By Dr. David Edward Marcinko; MBA CMP™

[Publisher-in-Chiefdem-new]

It is well known that traditional medical marketplace supply and demand structures are not necessarily efficient or timely.  This is particularly true in healthcare delivery and is attributed to various “externalities” that seemingly deter competition. 

Defining Economic Externalities 

Formally, externalities are defined as the cost or benefits of market transactions that are not directly reflected in the price buyers (patients) or sellers (doctors) use to make their decisions. They represent defects or inefficiencies in the pricing system and can be either positive or negative. 

Medical Externalities 

Pertinent externalities for the physician, and healthcare practitioner, include but are not limited, to the following: 

1. Barriers to Entry: Physicians and other “learned healthcare professionals”, receive an extended formal education. This not only ensures competence and protects the public, but it also reduces competition. 

2. Competitive Advantage: Once school is over, a medical degree is an effective strategic advantage over a non-degreed practitioner.

3. Monopsony and Oligopsony: Occur when discounts are extracted from healthcare providers because of supply and demand size inequalities, and may run afoul of anti-trust laws.

4. Barriers to Exit: The increased cost of “doing business”, effectively precludes many physicians from terminating practice unit all fiscal investments are recouped. Observe that few doctors can practice “part time” and still afford their overhead. 

5. Mortal turpitude: Since physicians take the “Hippocratic Oath”, they are expected to place patient welfare above their own. This is not necessarily true with business entities that must adhere to legalities only.

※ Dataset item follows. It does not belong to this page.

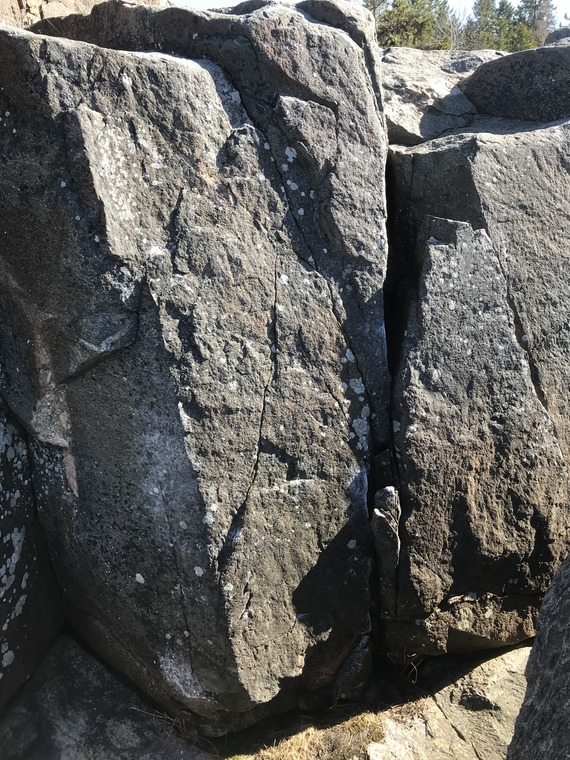 Sittstart med 2 underclings, likt ett marklyft. Utstickande stenarna från sprickan är ej med i problemet
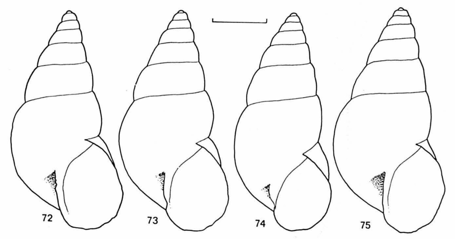 Figura 1: Breure, 1978: Bostryx circuliportus circuliportus,Peru, Lima, 11.5 km SW Canta, HOLOTYPE RMNH 55169 (fig. 72) e PARATYPES (fig. 73-75: RMNH 55183)

6. Moral Hazards: All know that cigarettes, dietary indiscretions, drinking, drug use and promiscuous behavior are unhealthy. Yet, many pursue this life‑style that drive up healthcare costs for society as a whole. 

Other Externalities Exist 

Other externalities that drive up the cost of healthcare are well known but not easily changed.  

First, most Americans have group insurance through their employment. They do not “purchase” it on the open market, making them fairly indifferent to the costs or needs of individual health care purchases.  

Second, acquiring health insurance is not like buying a commodity, and it is difficult for a layman to know what purchases make sense and at what price? 

Third, most health insurance purchasing decisions are made by the doctor (i.e., refer to a specialist or have surgery), not the patient consumer, and hence has a vested interest in increasing service demand. This is changing with the consumer directed healthcare plan movement. 

Lastly, what well informed person would be a tough bargainer when their health is at stake? Who is going to negotiate with a neuro-surgeon? Nevertheless, some patients are doing just that with HD-HCPs! 

The Golden Age of Medical Reimbursement 

During the so called “Golden Age of Medicine“, 1965-1990, Medicare, Medicaid and all these factors worked to isolate American medicine from financial reality.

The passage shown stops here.